Novel Genetic Etiologies of PIDs
Preliminary data from this work were accepted and presented as an oral communication at the 21st biennial ESID meeting (October 2024).
Epstein-Barr virus (EBV) is an oncogenic virus. Mostly asymptomatic, primary infection may be complicated by nonmalignant, malignant proliferations, and hemophagocytic lymphohistiocytosis. Infection resolution requires an appropriate cytotoxic T cell response, which depends on sustained T cell expansion. Several inherited EBV susceptibilities are associated with a high risk of complicated infection, which are often characterized by defective T cell expansion.
Four patients with EBV-related diseases and one with severe CMV were analyzed by whole-exome sequencing, in whom six deleterious biallelic compound heterozygous variants were identified in RECQL4. These mutations are predicted to be highly damaging and absent in exome public databases. RECQL4 is a DNA helicase involved in DNA replication initiation and DNA repair. Patients with RECQL4 variants have been previously reported with several autosomal recessive syndromes associated with poikiloderma and an increased risk of cancer. Few rare cases were also reported with immunodeficiency but no EBV-related diseases. An additional patient carrier of a homozygous null variant in RECQL4 presenting severe combined immunodeficiency and a severe RECQL4-related syndrome was studied.
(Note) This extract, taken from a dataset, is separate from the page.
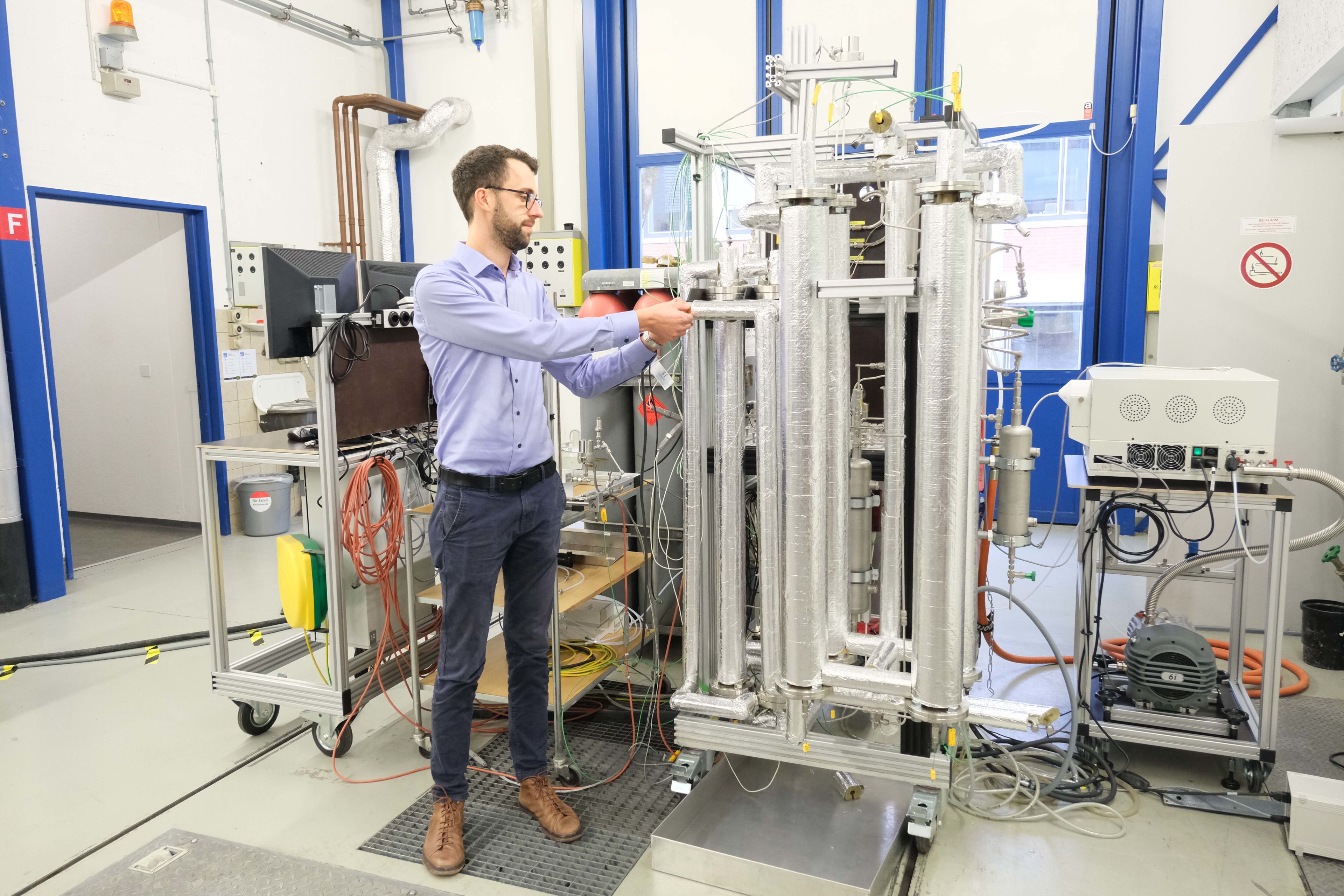 Florian Kiefer et son équipe ont mené pendant près de trois ans des recherches sur un nouveau concept de réacteur avec des pellets de zéolithe qui font office de support de catalyseur poreux et qui adsorbent en même temps l'eau produite pendant la réaction de méthanisation. L'accent a été mis sur l' « upscaling » du procédé, c'est-à-dire sur un concept permettant de mettre en œuvre ce procédé pour les grandes installations. Pour ce faire, l'Empa a collaboré avec différents partenaires industriels. Le facteur décisif pour la conception du réacteur et la planification du processus est avant tout le temps de régénération, c'est-à-dire le temps nécessaire pour le séchage du réacteur. Pour garantir une production continue de méthane, il faut donc qu'au moins deux réacteurs fonctionnent en alternance. Pour le séchage des réacteurs, il est en outre essentiel de disposer d'une gestion thermique appropriée, soit par l'évacuation de la chaleur du réacteur, soit par le stockage interne de la chaleur dans le lit catalytique. Dans ce domaine, l'équipe de Florian Kiefer a déposé un brevet.

We showed that RECQL4 is upregulated in activated control T cells upon TCR-CD3 activation. In HEK cells, transiently overexpressed RECQL4 variants of the patients result in a reduced or absent RECQL4 expression. In activated T cells from patients, RECQL4 expression is strongly reduced or absent, and T cells exhibit a proliferation defect and an increased activation-induced apoptosis. In Jurkat T cell line, 3 different shRNA-targeting RECQL4 decrease its expression and induce a cell cycle blockade, proliferation arrest, and an increased apoptosis. Similarly in control T cells, silencing RECQL4 results in an expansion disadvantage and an increased apoptosis in the infected cells.
RECQL4 deficiency is associated with impaired T cell expansion that may underlie EBV susceptibility in patients.